Recently, Pozzi et al. investigated the uptake and intracellular trafficking of both DC-
Chol/DOPE DNA LPXs and DC-Chol-cholesterol/DNA LPXs by Chinese hamster ovary (CHO)
cells. The rationale for this study was to provide novel insights into the enhanced TE in
serum upon cholesterol incorporation. Remarkably, the experiments in this study were
performed in serum-free medium. The results indicate that DC-Chol-DOPE/DNA LPXs were
mainly taken up by the macropinocytosis pathway. However, upon replacement of DOPE by
cholesterol, a decreased colocalization with macropinosomes and lysosomes was observed.

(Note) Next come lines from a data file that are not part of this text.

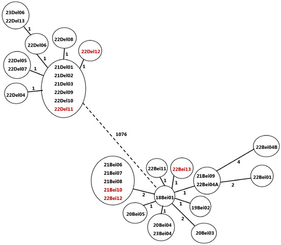 Minimum spanning tree of MTBC isolates relevant to the ongoing epidemiological investigation: The numerical values alongside the lines linking the circles represent the SNP numbers. A cluster of cases is defined when the distance between the isolates in the group is 12 SNPs or fewer. Identical isolates appear in a single circle. The tree shows two clusters, each originating from a different index case. Most of the patients shown in the tree live in the same neighborhood. The patients marked in red were linked to the clusters solely through WGS.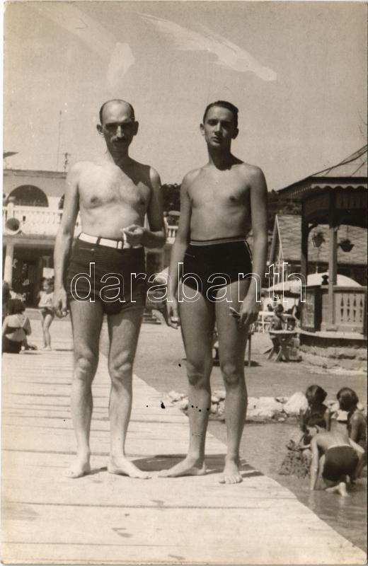 1941 Balatonalmádi, Fövenyfürdő, strand, nyaraló férfiak korabeli fürdőnadrágban. photo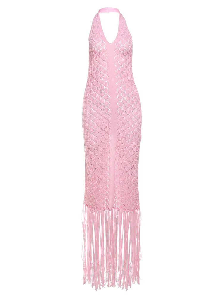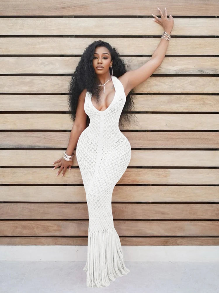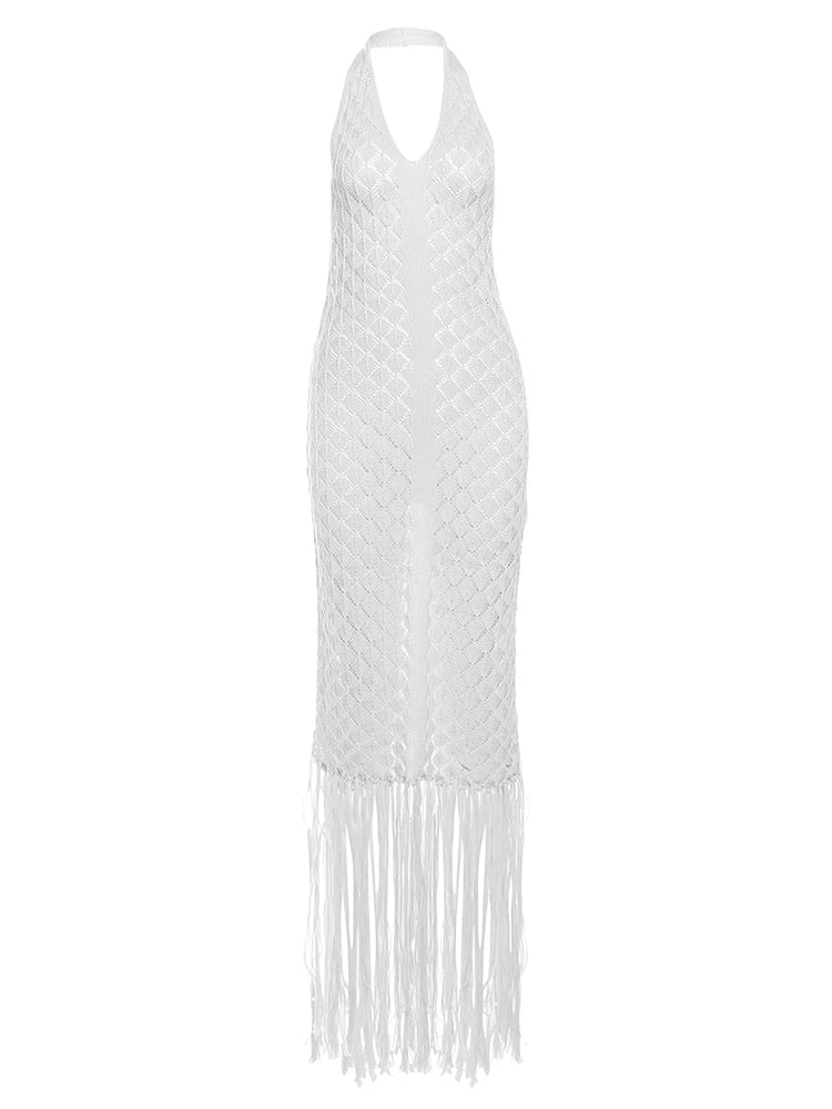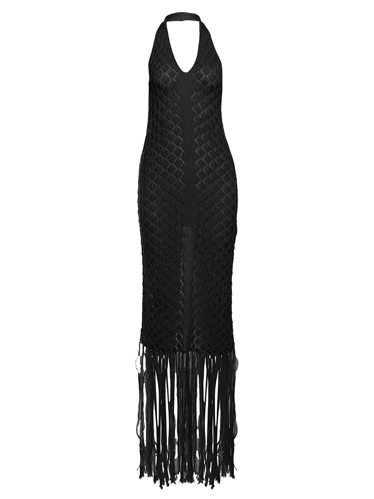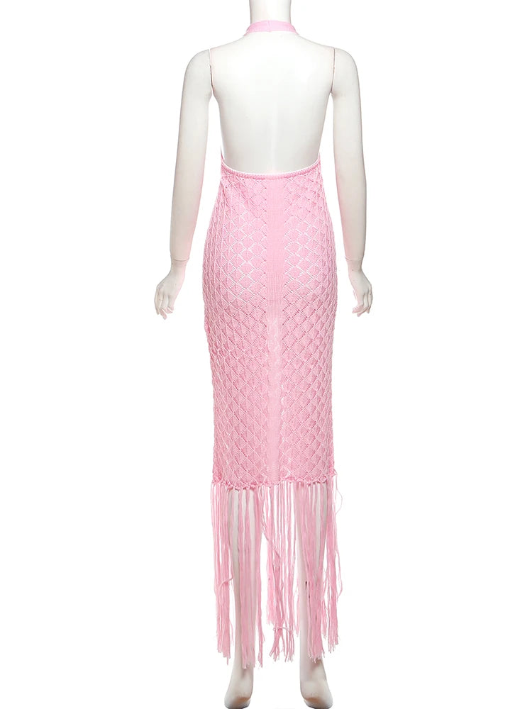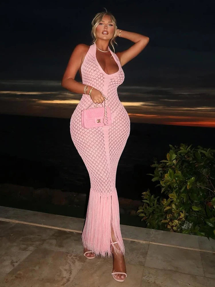 Wired Puss Backless Halter Dress Women Sexy Summer Deep V-Neck Hollow Tassel Solid Patchwork Slim Midnight Party Club Vestidos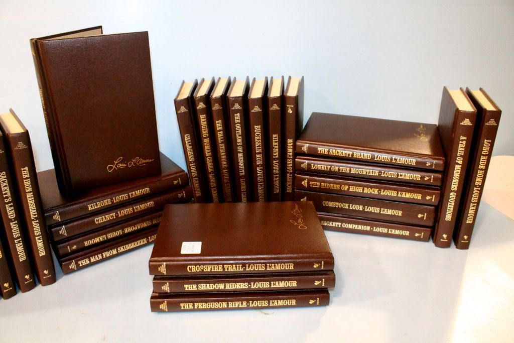 Set of 1983 Louis L'Amour leatherette books, 102 of 122 complete set Set of 1983 Louis L'Amour leatherette books, 102 of 122 complete set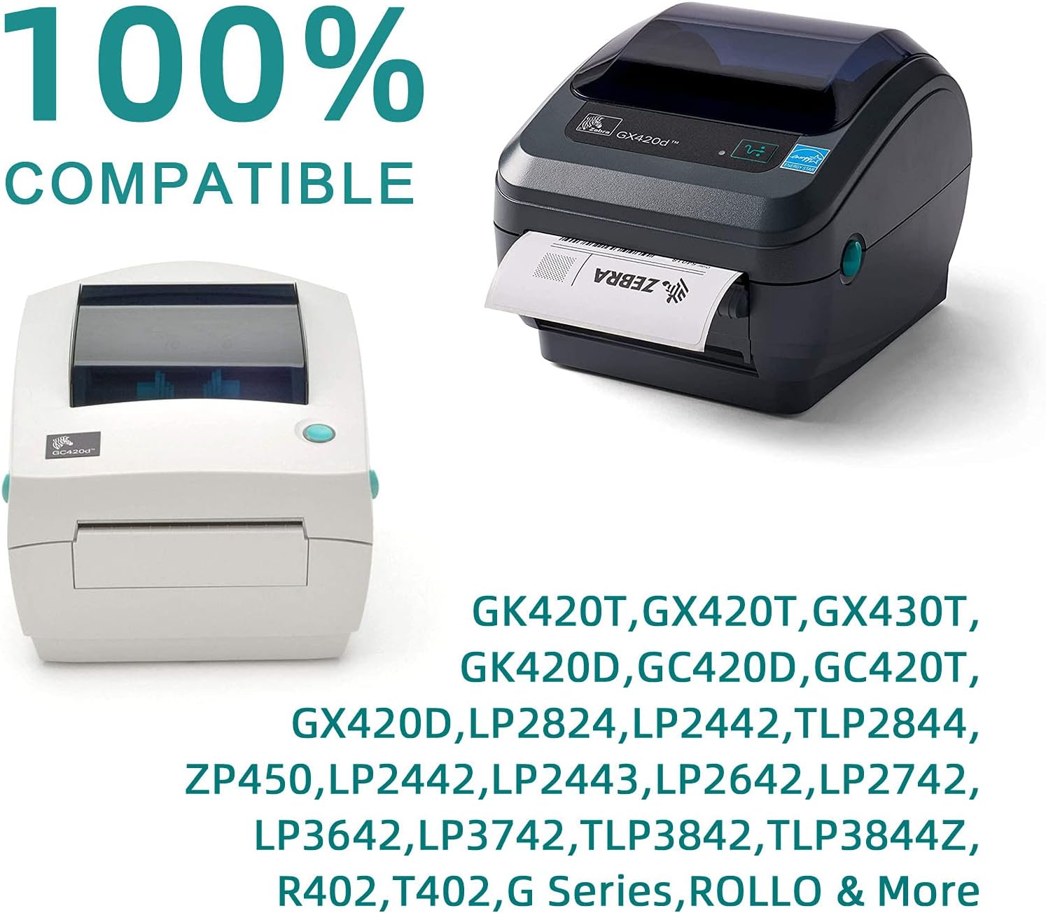 - [Compatible] with Zebra Label Printers: GC420D, GC420T, GK420D, GK420T, GX420D, GX420T, GX430T, LP 2824, LP2844, LP2442, LP2443, LP2642, LP2742, TLP2844, ZP450, ZD500, ZD500R, ZP500, ZP505. Also compatible with Rollo, Eltron, Neatoscan and Intermec, Datamax, Fargo.
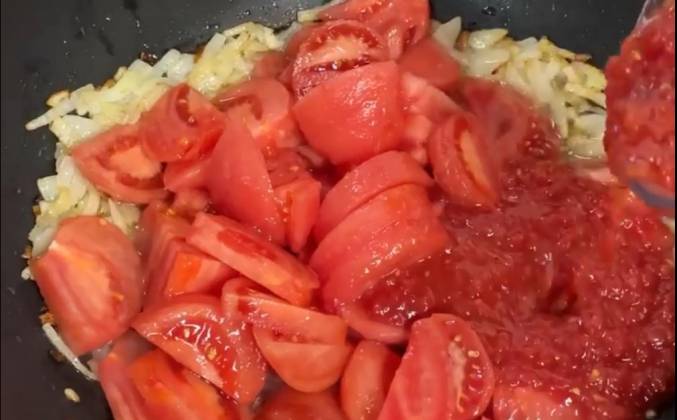 2. Обжариваем лук и добавляем к нему очищенные помидоры и немного томата. Тушим минут 10. По вкусу добавьте соль и сахар. Я не добавляла потому что томат вкусный, уже с солью и сахаром.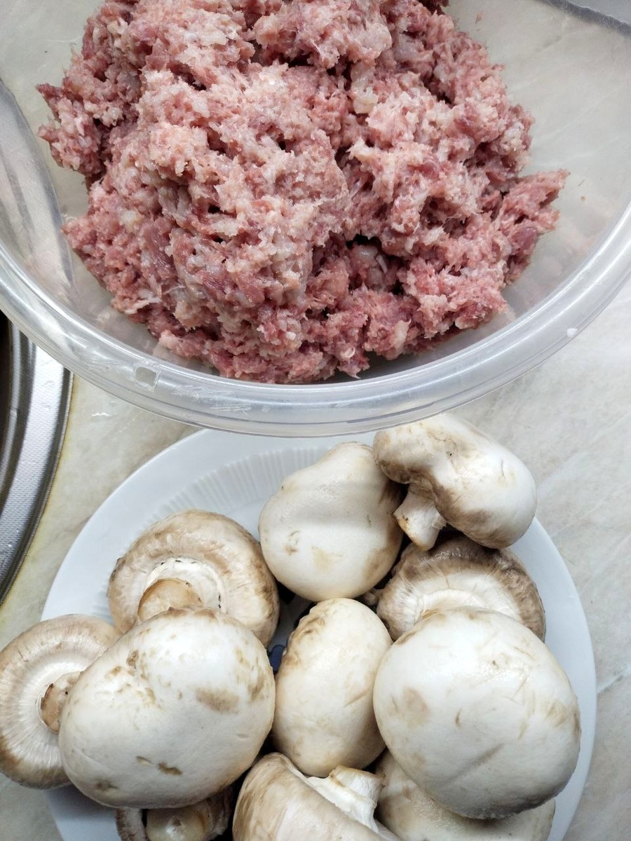 Пока манка набухает, не забывайте о грибах! Ножки срезаются и крупно шинкуются, добавляя их к фаршу. Такой подход гарантирует, что мясо не будет слишком плотным, а получится легким и воздушным. Как только все ингредиенты смешаны, можно начинать формировать шляпки грибов, наполняя их приготовленной начинкой.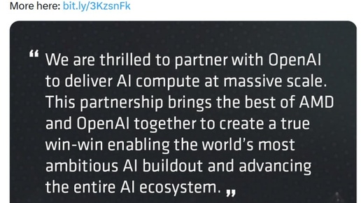 OpenAI выбрала ускорители AMD Instinct MI450 для своей ИИ-инфраструктуры, главным параметром измерения которой названо даже не количество видеокарт или токенов в секунду, а энергопотребление - 6 ГВт. Первый гигаватт будет закуплен, установлен и запущен во второй половине будущего 2026 года. Далее могут быть использованы уже и более новые ускорители AMD, доступные на тот момент. Проект рассчитан на 5 лет. В рамках соглашения, AMD выдала OpenAI ордер на до 160 миллионов обыкновенных акций AMD, структурированных для передачи по мере достижения конкретных вех, которые OpenAI сможет приобрести...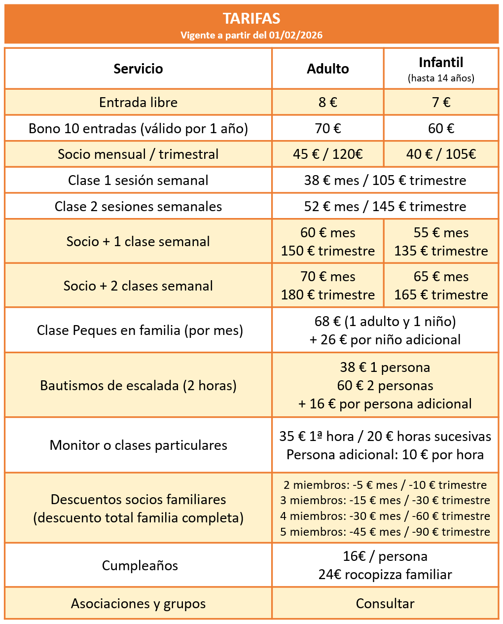- Entrada libre: Disfruta de todas las instalaciones durante todo el día, sin límite de tiempo. No incluye material de escalada ni monitor. Si se están impartiendo clases, puedes escalar pero respetando los espacios lectivos del momento.

The authors suggest that cholesterol-containing LPXs are able to efficiently escape from
macropinosomes. Furthermore, the authors demonstrate an increased contribution of a
vesicle-independent uptake process upon replacement of DOPE by cholesterol which could
also explain the reduced colocalization with macropinosomes. (Pozzi et al., 2012) To verify
42
whether similar differences in uptake and intracellular trafficking can be observed for the
particles and cells used in our study, a fluorescence-based colocalization assay could be
used. Furthermore, to assess the impact of serum on the cellular uptake and intracellular
trafficking of both DOTAP:DOPE and DOTAP:CHOL mRNA/LPXs, this assay could be
performed in both serum-free and serum containing medium. In this way, we can verify
whether differences between the two LPXs, in terms of cellular processing in the presence of
serum, could explain the observed differences in TE.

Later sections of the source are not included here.